The spectroscope 22 performs qualitative and quantitative analysis on the sample stream 25. If the analysis detects conditions for the possible formation of explosive mixtures, the system 2 generates an alarm signal, on the basis of which the injection device 21 is (manually or automatically) activated for injecting steam ( indicatively at 200-250°C) or another control fluid into the gas stream circulating in the main pipe 20.

The injection of steam or another control fluid raises the temperature of the gas stream, and therefore also that of the sample stream 25, as well as varying its composition, but the system 2 is configured to effectively and correctly operate also in changed conditions.

In fact, if the temperature controller 27 detects, via the temperature sensors 35 and 36, a temperature of the sample stream 25 above the threshold temperature, the temperature controller 27 operates the temperature-adjusting device 26 to cool the sample stream 25 and bring the temperature of the sample stream 25 back below the threshold temperature.
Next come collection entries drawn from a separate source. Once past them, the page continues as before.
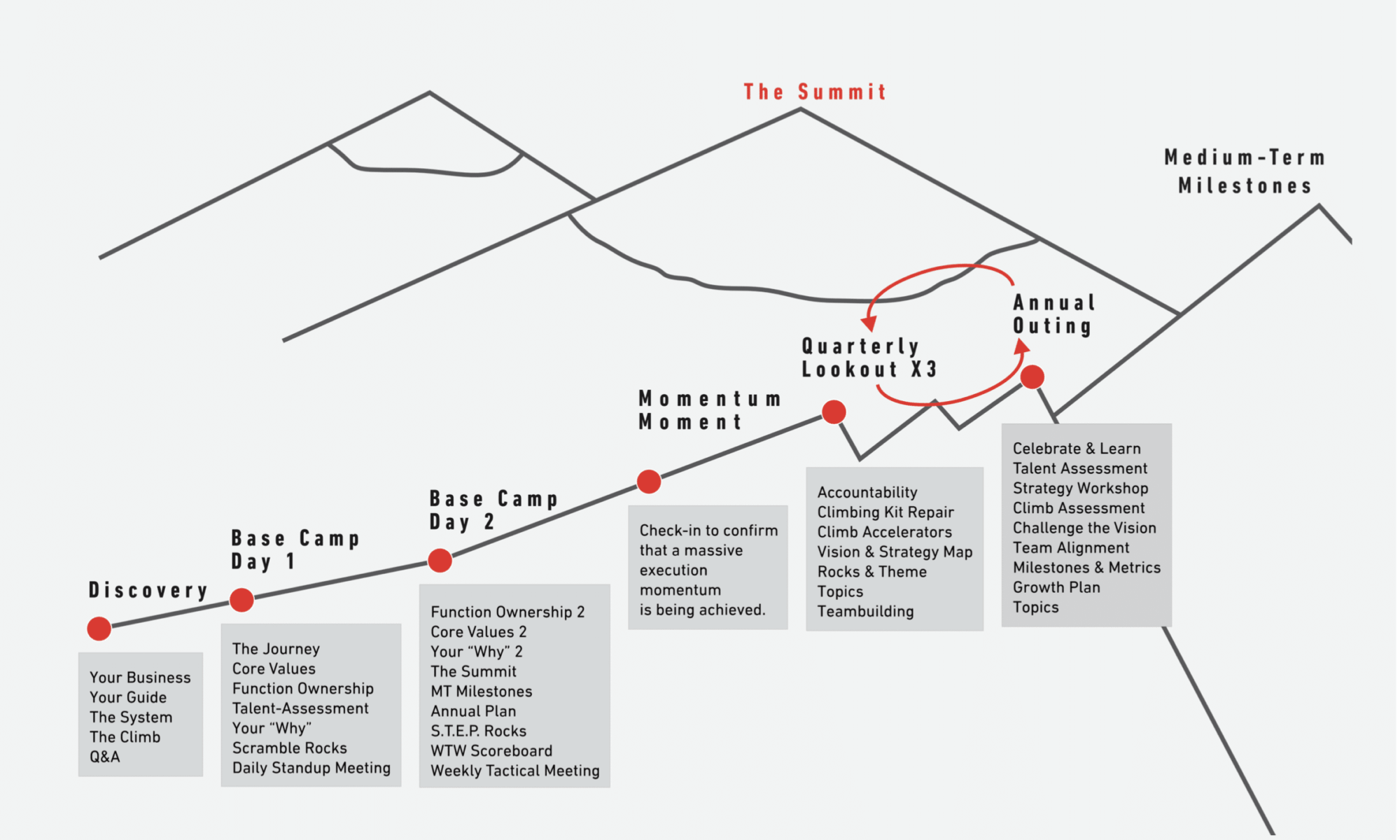 Each practice expands to: purpose, deliverable, example artifact (template, agenda, dashboard, etc.)
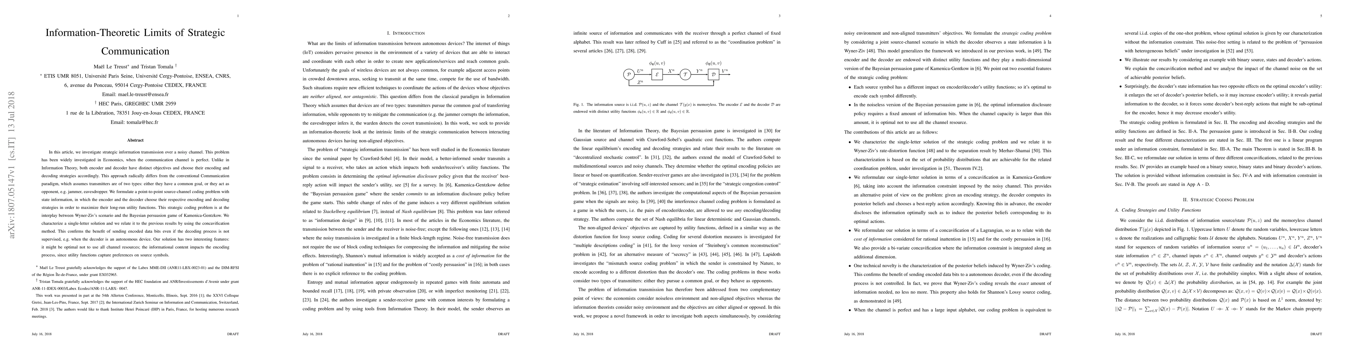 In this article, we investigate strategic information transmission over a noisy channel. This problem has been widely investigated in Economics, when the communication channel is perfect. Unlike in Information Theory, both encoder and decoder have distinct objectives and choose their encoding and decoding strategies accordingly. This approach radically differs from the conventional Communication paradigm, which assumes transmitters are of two types: either they have a common goal, or they act as opponent, e.g. jammer, eavesdropper. We formulate a point-to-point source-channel coding problem with state information, in which the encoder and the decoder choose their respective encoding and decoding strategies in order to maximize their long-run utility functions. This strategic coding problem is at the interplay between Wyner-Ziv's scenario and the Bayesian persuasion game of Kamenica-Gentzkow. We characterize a single-letter solution and we relate it to the previous results by using the concavification method. This confirms the benefit of sending encoded data bits even if the decoding process is not supervised, e.g. when the decoder is an autonomous device. Our solution has two interesting features: it might be optimal not to use all channel resources; the informational content impacts the encoding process, since utility functions capture preferences on source symbols.
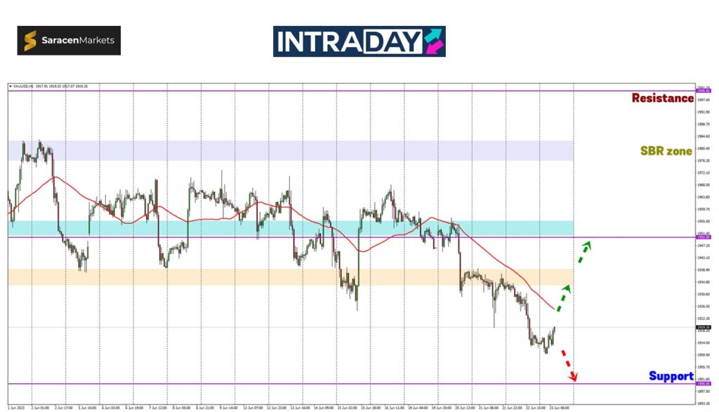 Jika penurunan diteruskan, harga dilihat akan menuju paras sasaran utama pada 1900.00 yang berpotensi menjadi paras sokongan buat emas.
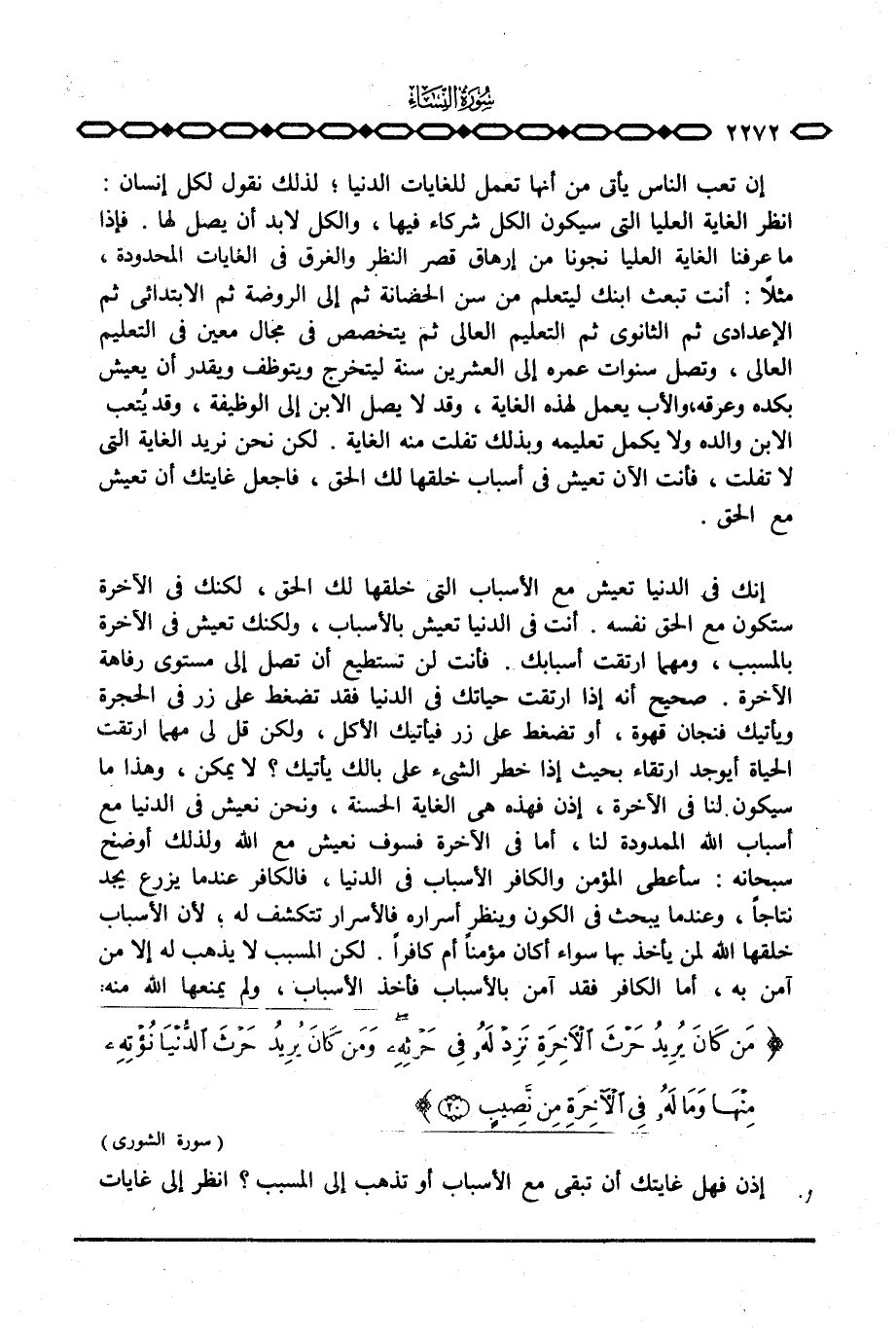 إنك في الدنيا تعيش مع الأسباب التي خلقها لك الحق، لكنك في الآخرة ستكون مع الحق نفسه. أنت في الدنيا تعيش بالأسباب، ولكنك تعيش في الآخرة بالمسبب، ومهما ارتقت أسبابك. فأنت لن تستطيع أن تصل إلى مستوى رفاهة الآخرة. صحيح أنه إذا ارتقت حياتك في الدنيا فقد تضغط على زر في الحجرة ويأتيك فنجان قهوة، أو تضغط على زر فيأتيك الأكل، ولكن قل لي مهما ارتقت الحياة أيوجد بحيث إذا خطر الشيء على بالك يأتيك؟ لا يمكن، وهذا ما سيكون لنا في الآخرة، إذن فهذه هي الغاية الحسنة، ونحن نعيش في الدنيا مع أسباب الله الممدودة لنا، أما في الآخرة فسوف نعيش مع الله ولذلك أوضح سبحانه: سأعطي المؤمن والكافر الأسباب في الدنيا، فالكافر عندما يزرع يجد نتاجاً، وعندما يبحث في الكون وينظر أسراره فالأسرار تتكشف له؛ لأن الأسباب خلقها الله لمن يأخذ بها سواء أكان مؤمناً أم كافراً. لكن المسبب لا يذهب له إلا من آمن به، أما الكافر فقد آمن بالأسباب فأخذ الأسباب، ولم يمنعها الله منه: {مَن كَانَ يُرِيدُ حَرْثَ الآخرة نَزِدْ لَهُ فِي حَرْثِهِ وَمَن كَانَ يُرِيدُ حَرْثَ الدنيا نُؤْتِهِ مِنْهَا وَمَا لَهُ فِي الآخرة مِن نَّصِيبٍ} [الشورى: 20] .
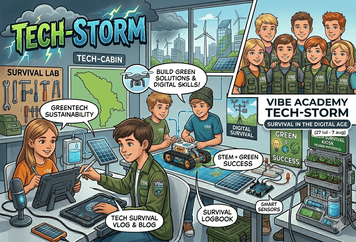 O aventură modernă de supraviețuire, unde copiii combină STEM și GreenTech pentru a găsi soluții ingenioase. Vor construi mecanisme cu LEGO Spike, vor explora circuite electronice și senzori și își vor crea propriul jurnal de supraviețuire prin blog sau video vlog.
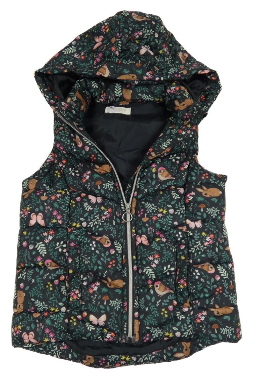 Černá květovaná šusťáková zateplená vesta s králíky a kapucí H&M

Opportunely, the device 26 then intervenes, via the heating element 37, to slightly heat (a few degrees, indicatively 1- 5°C) the previously cooled sample stream 25 (in any case, keeping the temperature below the threshold temperature) , in order to ward off saturation conditions of sample stream 25. Any condensate fraction of the sample stream 25 falls back into the main pipe 20 through the reflux device 29.

The system 2 analyses the sample stream 25. The spectroscope 22 takes measurements at predetermined time intervals, or operates substantially continuously, depending on the measurement and response times of the instrument; the sample stream 25, after having travelled through the conduit 24 and reached the spectroscope 22, returns to the main pipe 20 through the return conduit 41, more specifically (preferably) downstream, in the direction of circulation of the vent gas circulating in the main pipe 20, of the connector 31, or rather of the sampling point where the sample stream 25 is taken from the main pipe 20 and sent to the spectroscope 22. When the system 2 detects that the conditions of possible formation of explosive mixtures have ceased, the system 2 generates an all-clear signal, on the basis of which injection of the control fluid (steam or the like) into the main pipe 20 is (manually or automatically) interrupted.

Finally, it is understood that further modifications and variants can be made regarding the system and method for analysis of vent gas of a urea plant and the urea plant described and illustrated herein without departing from the scope of the appended claims.